Whitney Moir(l), program co-ordinator with Riverbank Inc., and Lois MacDonald(r), Riverbank Inc. development and tourism services, have teamed up to co-ordinate the organization’s rain barrel fundraiser.
photo: Jennifer Paige

“We are excited for this initiative. It will allow us to offer the public a chance to purchase a quality rain barrel for their home or property at a great price with a number of environmental benefits that will at the same time assist Riverbank to rebuild,” said program co-ordinator Whitney Moir.

Riverbank is a non-profit, charitable organization established 20 years ago by the City of Brandon to protect and enhance the 17 kilometres of river corridor that runs through the city. It focuses on offering interpretive programs and strives to educate the public on environmental stewardship.

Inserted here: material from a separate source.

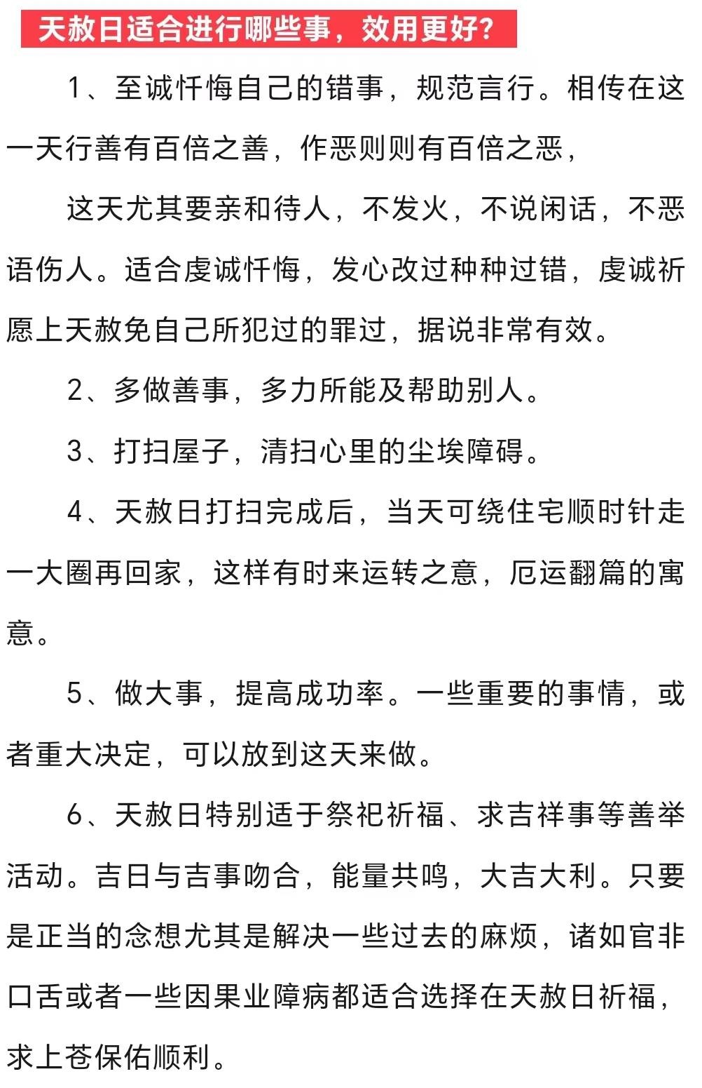 天赦日利消灾化煞,祈福求寿是一年中非常值得珍惜、为数不多的好日子。

Riverbank shares a building with Brandon’s Ducks Unlimited office and is the only building in Brandon located on the riverside of the city’s main dike.

In the flood of 2011 the property suffered severe damage, which affected nearly every one of the organization’s major projects.

flooding in Brandon, Manitoba

An aerial shot of the Riverbank Inc.’s main property during the peak of the 2011 flood.
photo: Riverbank Inc.

“After the flood in 2011 we started to look at ways to redevelop, keeping future flooding possibilities in mind, but then the 2014 flood happened and that was a game changer for us,” said Lois MacDonald of Riverbank’s development and tourism services. “We did not see it coming and there was so much force behind the water.”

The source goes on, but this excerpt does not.